Sie meinen Tools, die es ermöglichen, beispielsweise mittels einer Smartphone-App die Stadtverwaltung auf Missstände aufmerksam zu machen?

Ja, wobei man hier auch ein wenig vorsichtig sein muss. Natürlich können solche Apps sehr nützlich sein. Wir wissen, dass es hilft, Informationen über städtebauliche Missstände zu generieren. Aber entscheidend ist dann die Frage, wie man zu Lösungen kommt. Was nützt es einer Kommune, über eine digitale App noch mehr Informationen darüber zu bekommen, was gerade nicht funktioniert, wenn es ganz grundsätzlich an Ressourcen und Personal mangelt, um die Probleme überhaupt angehen zu können?
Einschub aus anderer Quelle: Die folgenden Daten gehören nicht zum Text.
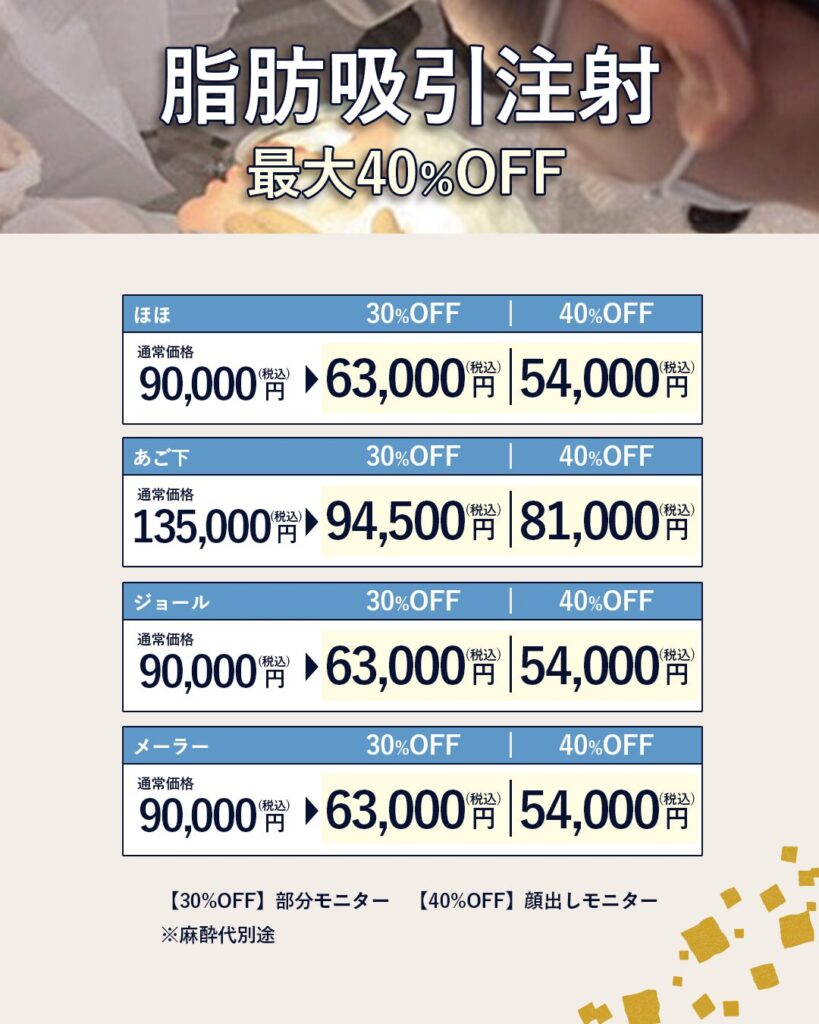 同時期に割引キャンペーンを行っているのでフェイスラインを整えたい方や小顔になりたい方は是非ご活用ください^^
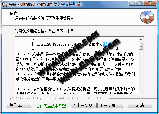 UltraISO PE V9.3.3.2685 簡體中文特別安裝版 UltraISO 是一款功能強大而又方便實用的光盤映像文件制作/編輯/格式轉換工具,它可以直接編輯光盤映像和從映像中直接提取文件,也可以從CD-ROM制作光盤映像或者將硬盤上的文件制作成ISO文件。同時,你也可以處理ISO文件的啟動信息,從而制作可引導光盤。使用UltraISO,你可以隨心所欲地制作/編輯光盤。

Mit anderen Worten: Wer Smart-City-Projekte wirklich effektiv fördern will, muss immer auch die Probleme von Städten und Gemeinden allgemein im Blick behalten.

Der Science-Fiction-Autor Bruce Sterling warnte neulich in einem Gastbeitrag für das US-Magazin Atlantic vor dem Ausverkauf unserer Städte an Tech-Konzerne. Wie ernst sollten wir solche Szenarien nehmen?

Natürlich ist das eine Gefahr, aber die noch größere Herausforderung für uns hier in Deutschland sehe ich darin, wichtige Entwicklungen nicht zu verschlafen. Auf der einen Seite sind wir, sicherlich auch zu Recht, inzwischen sehr vorsichtig mit der Liberalisierung und Privatisierung im öffentlichen Raum. Auf der anderen Seite müssen wir aufpassen, den Standort Deutschland auch in Zukunft ausreichend attraktiv zu halten, um etwa die Umwälzungen auf dem Arbeitsmarkt, die noch auf uns zukommen werden, entsprechend abzufedern. Auch das wird die Stadt der Zukunft prägen. Was die konkrete Realisierung von Smart-City-Lösungen angeht, muss man allerdings sehen, dass der deutsche, vielleicht etwas bedächtige Weg durchaus auch zum Erfolg führen kann.

Inwiefern?

Eine im Smart-City-Kontext viel zitierte Lösung sind sogenannte smarte Straßenlaternen. Diese können mit allerlei Sensoren ausgestattet werden, die etwa Lärm oder Schadstoffe messen und sogar als Ladestationen für E-Autos nutzbar sind. Solche Systeme werden inzwischen von vielen internationalen Konzernen angeboten, die natürlich auch Städte in Deutschland für eine Kooperation gewinnen wollten. Und was ist passiert? Die Stadt München hat beispielsweise mit Start-up-Unternehmen eine eigene Lösung entwickelt – kostengünstig, tragfähig, auf die Situation in Deutschland angepasst und inzwischen in immer mehr Kommunen Interesse weckend.